Style Icon: How the simple four-leaf clover became a symbol of elegance across the ages
Depending on how far dorsum your memory stretches, you might recall seeing silver screen legend Grace Kelly, aka Princess Grace of Monaco, bedecked in a long, gold necklace studded with four-leafage clover motifs.
The necklace – or sautoir, to employ the French term – is office of Parisian jeweller Van Cleef & Arpels' signature Alhambra drove, and is one of the most recognisable jewels in the world.
The princess was such a fan that she had sautoirs in various guises: Yellowish golden, coral, lapis lazuli and malachite. For about of the 1970s, they accompanied her at both public occasions and private events.
Actress Kelly Rutherford, famous for her role as high society queen Lily van der Woodsen in Gossip Girl, and the inimitable Mariah Carey, are also large fans of the Alhambra. Both are oftentimes photographed sporting – besides sautoirs – earrings, pendants and/or bracelets from the drove.
It is easy to empathize why they, forth with many of the planet's Louboutin-shod, Birkin-toting women adore the series. Elegant, feminine and easy to wear, the pieces are bachelor in a multitude of dissimilar materials and color palettes, making it a cinch to coordinate with existing wardrobes.
STROKE OF LUCK
No doubt the fact that the clover motif is likewise a lucky symbol contributed to its success.
Jacques Arpels, nephew of company co-founder Estelle Arpels, was a house believer in serendipity. "To be lucky, you have to believe in luck," he one time said. According to company records, the 2d-generation owner would routinely pick 4-leaf clovers from his garden to distribute amongst his staff and inspire optimism.
It was Arpels' travels that inspired the birth of the Alhambra collection in 1968. Moorish quatrefoil patterns and architectural elements found on the Doge's Palace in Venice reinforced his idea to employ the clover motif. A delicate beaded contour was added to showcase the visitor's artisanal skills.

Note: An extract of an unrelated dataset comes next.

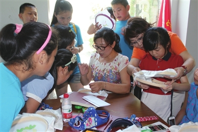 2013年7月,七都侨界留守儿童夏令营在温州文博城浙江创意园邹绳珠老师的带领下探访瓯绣之源。

The Alhambra'southward debut was timely, too. Women's fashion was undergoing a revolution in the belatedly 1960s and early 1970s, reflecting sweeping changes in (mainly American) society at the time. Looser, liberated silhouettes prevailed every bit a result. And the sautoir's fluid design was well-suited to such profiles.
FAB AT fifty
The Alhambra celebrates its 50th anniversary this year, with new takes on the classic style. There are xx-motif sautoirs, five-motif bracelets and two-motif earrings to choose from.
If your wardrobe is largely monochromatic, it is likely that you will be drawn to the pieces rendered in white gold, onyx and diamonds. Van Cleef & Arpels typically uses Brazilian onyx, which is prized for its deep black hue and mirror-like surface polish.
For a slightly warmer aesthetic, you may opt for the pieces hewn from pink gold, grayness mother-of-pearl and diamonds. The grey mother-of-pearl comes from French Polynesia and is valued for its harmonious silverish-grey tones, regular surface and high-quality sheen.
Otherwise, there is a version in yellowish gilt and rock crystal, the rock crystal displaying a milky, frosted transparency that is lifted by the radiance of the gold.
Most vibrant of all – and imbued with a regal splendour – is the version fabricated from yellowish gilt and lapis lazuli. In ancient Egypt and Mesopotamia, lapis lazuli was used to craft objects for royalty. Here, the hard stones were specially selected for their purity, intensity of color, and quality of sheen, so you lot, likewise, can be queen for a twenty-four hours.